_DATA TO PROCESS_:
== Segment start ==

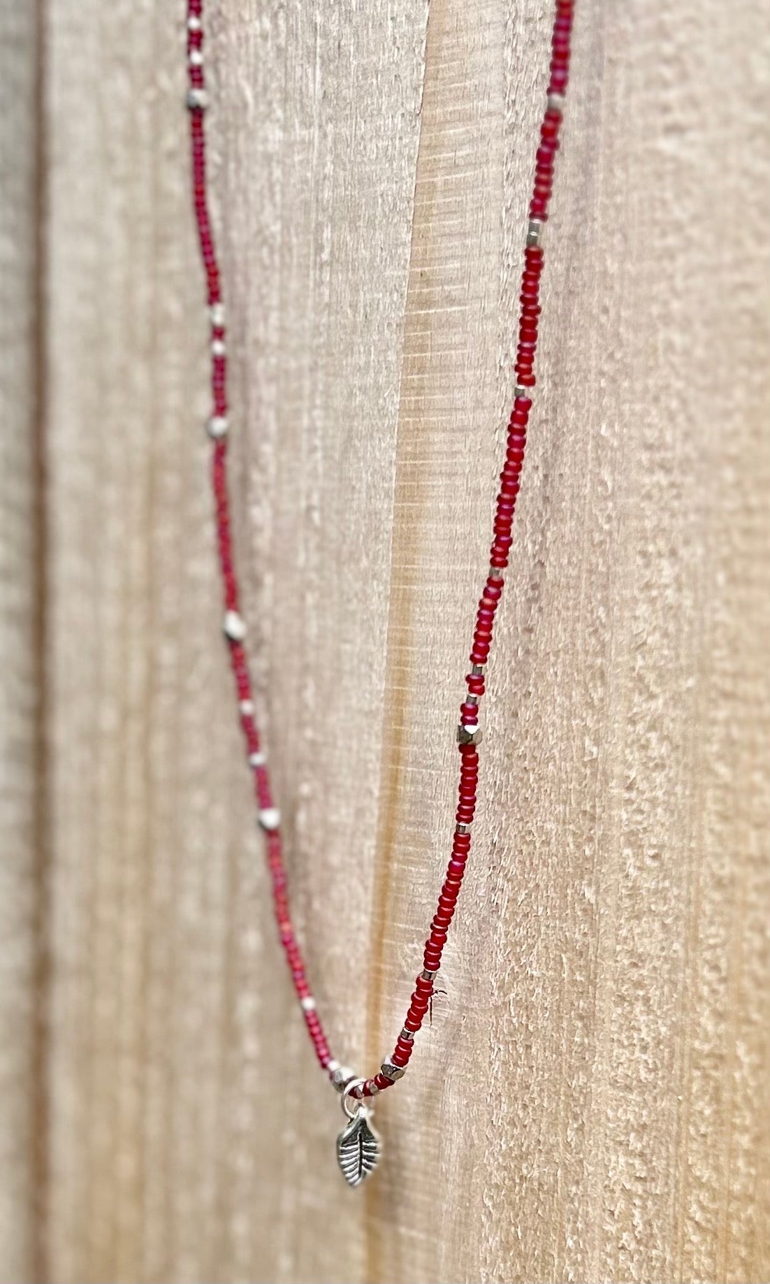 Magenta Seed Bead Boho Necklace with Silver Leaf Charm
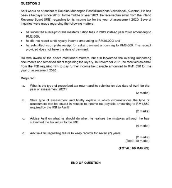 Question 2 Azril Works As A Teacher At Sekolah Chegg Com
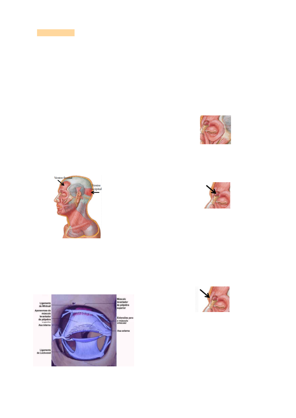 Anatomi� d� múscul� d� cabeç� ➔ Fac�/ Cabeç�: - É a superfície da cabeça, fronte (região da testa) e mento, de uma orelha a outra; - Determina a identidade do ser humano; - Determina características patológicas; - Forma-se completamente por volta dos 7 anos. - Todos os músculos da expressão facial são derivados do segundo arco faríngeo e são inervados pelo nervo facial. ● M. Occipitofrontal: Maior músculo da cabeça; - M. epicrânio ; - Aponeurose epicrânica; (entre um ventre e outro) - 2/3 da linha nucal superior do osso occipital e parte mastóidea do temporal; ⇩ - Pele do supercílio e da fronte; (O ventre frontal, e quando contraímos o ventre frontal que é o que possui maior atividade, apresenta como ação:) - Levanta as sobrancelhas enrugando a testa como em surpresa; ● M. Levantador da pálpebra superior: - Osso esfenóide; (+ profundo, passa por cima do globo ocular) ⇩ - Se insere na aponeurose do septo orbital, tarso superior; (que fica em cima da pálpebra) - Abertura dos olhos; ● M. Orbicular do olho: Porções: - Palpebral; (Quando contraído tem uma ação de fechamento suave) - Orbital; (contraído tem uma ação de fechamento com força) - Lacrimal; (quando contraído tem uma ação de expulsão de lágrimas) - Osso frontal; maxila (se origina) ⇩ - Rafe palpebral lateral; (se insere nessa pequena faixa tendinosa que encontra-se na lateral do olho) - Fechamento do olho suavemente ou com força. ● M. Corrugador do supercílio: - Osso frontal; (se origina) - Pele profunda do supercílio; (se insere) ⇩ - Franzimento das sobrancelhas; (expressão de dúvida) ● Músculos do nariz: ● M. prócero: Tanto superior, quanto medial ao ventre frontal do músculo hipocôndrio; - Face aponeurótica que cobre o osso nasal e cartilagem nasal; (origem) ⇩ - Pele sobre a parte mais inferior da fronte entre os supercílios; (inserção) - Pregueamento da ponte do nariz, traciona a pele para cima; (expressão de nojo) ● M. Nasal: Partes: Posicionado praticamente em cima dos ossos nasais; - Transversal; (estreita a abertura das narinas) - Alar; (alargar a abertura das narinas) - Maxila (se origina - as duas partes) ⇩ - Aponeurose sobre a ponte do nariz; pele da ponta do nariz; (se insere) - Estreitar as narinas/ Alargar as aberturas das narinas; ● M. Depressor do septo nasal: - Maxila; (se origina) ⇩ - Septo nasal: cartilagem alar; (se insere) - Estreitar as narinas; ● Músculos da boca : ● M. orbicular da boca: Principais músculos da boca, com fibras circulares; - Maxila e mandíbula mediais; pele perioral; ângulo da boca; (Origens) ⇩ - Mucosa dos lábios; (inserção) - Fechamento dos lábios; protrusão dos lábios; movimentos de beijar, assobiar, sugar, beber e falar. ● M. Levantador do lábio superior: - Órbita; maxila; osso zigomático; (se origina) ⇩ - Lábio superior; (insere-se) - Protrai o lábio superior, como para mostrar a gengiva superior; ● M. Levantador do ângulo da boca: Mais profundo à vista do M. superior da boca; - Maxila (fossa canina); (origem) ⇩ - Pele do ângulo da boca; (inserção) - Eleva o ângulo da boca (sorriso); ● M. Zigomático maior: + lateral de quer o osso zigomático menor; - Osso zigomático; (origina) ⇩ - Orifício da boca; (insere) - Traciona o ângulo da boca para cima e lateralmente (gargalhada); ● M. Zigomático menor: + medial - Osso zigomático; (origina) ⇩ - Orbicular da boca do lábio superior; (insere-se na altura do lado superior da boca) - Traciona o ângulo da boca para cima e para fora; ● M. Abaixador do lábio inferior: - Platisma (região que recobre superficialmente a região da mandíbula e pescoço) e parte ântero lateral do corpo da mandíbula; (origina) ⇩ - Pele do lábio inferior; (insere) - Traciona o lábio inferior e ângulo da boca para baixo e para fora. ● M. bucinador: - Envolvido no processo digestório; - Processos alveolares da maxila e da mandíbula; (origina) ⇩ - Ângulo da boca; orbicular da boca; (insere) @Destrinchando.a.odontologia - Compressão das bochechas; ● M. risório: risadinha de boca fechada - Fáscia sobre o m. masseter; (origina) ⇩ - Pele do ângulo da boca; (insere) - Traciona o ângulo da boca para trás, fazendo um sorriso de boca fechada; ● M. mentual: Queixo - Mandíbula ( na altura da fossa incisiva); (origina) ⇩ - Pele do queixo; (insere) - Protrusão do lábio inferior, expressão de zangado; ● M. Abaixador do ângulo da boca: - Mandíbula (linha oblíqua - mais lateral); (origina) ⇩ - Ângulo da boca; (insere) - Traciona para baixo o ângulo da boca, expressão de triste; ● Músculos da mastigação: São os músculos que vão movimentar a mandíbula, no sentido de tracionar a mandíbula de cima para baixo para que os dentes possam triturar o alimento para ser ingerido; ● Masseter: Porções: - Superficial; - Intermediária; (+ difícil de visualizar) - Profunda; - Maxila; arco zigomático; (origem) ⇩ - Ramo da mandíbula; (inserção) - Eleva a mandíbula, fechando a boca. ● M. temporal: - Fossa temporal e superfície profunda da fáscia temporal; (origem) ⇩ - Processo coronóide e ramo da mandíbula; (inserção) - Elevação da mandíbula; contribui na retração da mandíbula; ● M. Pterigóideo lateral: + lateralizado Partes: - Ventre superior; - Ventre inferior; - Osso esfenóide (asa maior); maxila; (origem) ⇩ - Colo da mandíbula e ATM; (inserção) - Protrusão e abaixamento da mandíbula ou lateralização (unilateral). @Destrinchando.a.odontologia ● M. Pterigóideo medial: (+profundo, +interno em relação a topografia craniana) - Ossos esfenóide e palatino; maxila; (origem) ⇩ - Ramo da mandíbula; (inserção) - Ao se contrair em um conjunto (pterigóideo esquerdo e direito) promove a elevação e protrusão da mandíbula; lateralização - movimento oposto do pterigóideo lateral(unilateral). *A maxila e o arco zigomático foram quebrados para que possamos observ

== Segment end ==
== Segment start ==

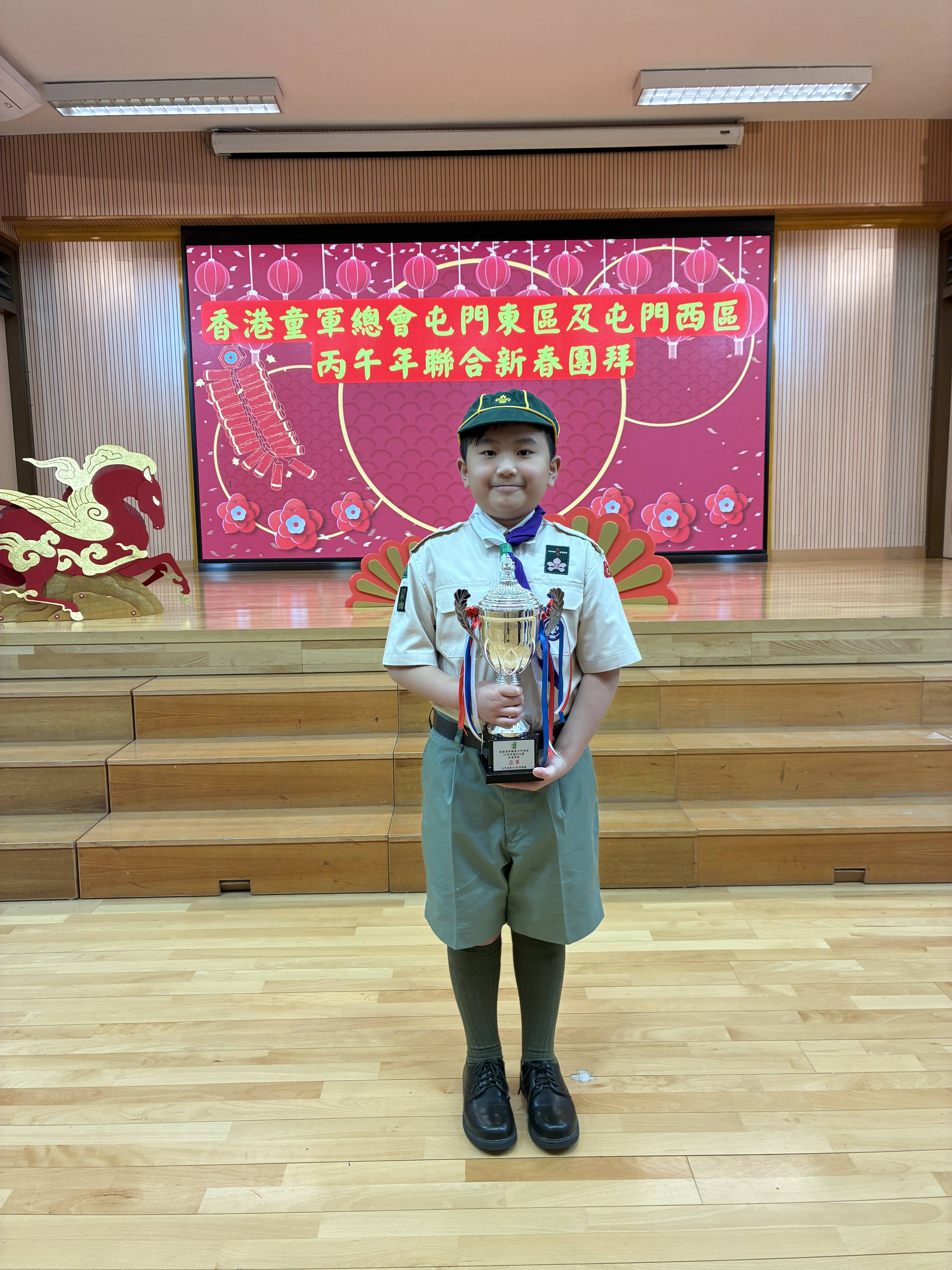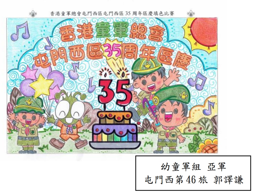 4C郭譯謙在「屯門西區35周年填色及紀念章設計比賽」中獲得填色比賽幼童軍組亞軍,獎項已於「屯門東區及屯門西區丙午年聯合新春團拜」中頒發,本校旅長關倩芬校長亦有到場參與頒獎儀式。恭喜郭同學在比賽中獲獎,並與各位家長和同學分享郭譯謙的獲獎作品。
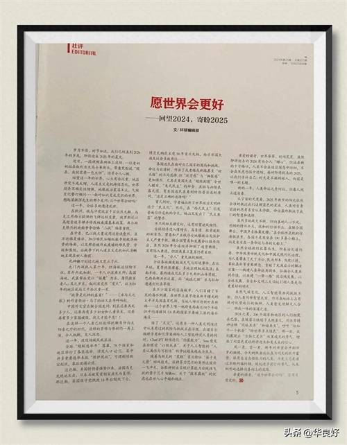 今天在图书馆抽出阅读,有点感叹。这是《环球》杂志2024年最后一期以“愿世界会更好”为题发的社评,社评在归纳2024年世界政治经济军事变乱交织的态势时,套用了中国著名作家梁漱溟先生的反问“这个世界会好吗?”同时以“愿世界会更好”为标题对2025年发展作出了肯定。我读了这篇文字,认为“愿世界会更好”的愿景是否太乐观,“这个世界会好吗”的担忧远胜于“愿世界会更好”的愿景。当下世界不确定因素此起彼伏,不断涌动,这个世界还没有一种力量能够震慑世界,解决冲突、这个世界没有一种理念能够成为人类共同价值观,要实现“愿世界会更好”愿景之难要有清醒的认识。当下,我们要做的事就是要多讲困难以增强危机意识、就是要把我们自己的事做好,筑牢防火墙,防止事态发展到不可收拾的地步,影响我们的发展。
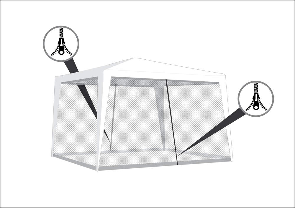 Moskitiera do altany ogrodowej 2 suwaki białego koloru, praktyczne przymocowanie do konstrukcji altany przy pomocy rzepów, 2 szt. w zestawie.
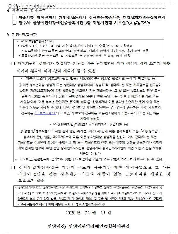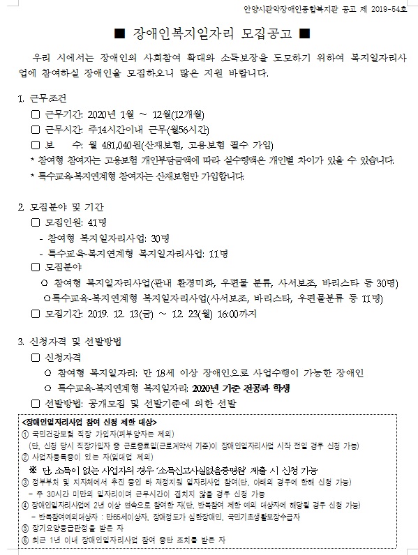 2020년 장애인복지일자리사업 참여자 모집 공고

== Segment end ==

_EXERCISE DETAILS_: Copy the lines above exactly, starting with the line that contains "Moskitiera do altany" and ending with the line that contains "2020년 장애인복지일자리사업 참여자 모집 공고", and leave out any pictures.

_WRITTEN RESPONSE_:
 Moskitiera do altany ogrodowej 2 suwaki białego koloru, praktyczne przymocowanie do konstrukcji altany przy pomocy rzepów, 2 szt. w zestawie.
 2020년 장애인복지일자리사업 참여자 모집 공고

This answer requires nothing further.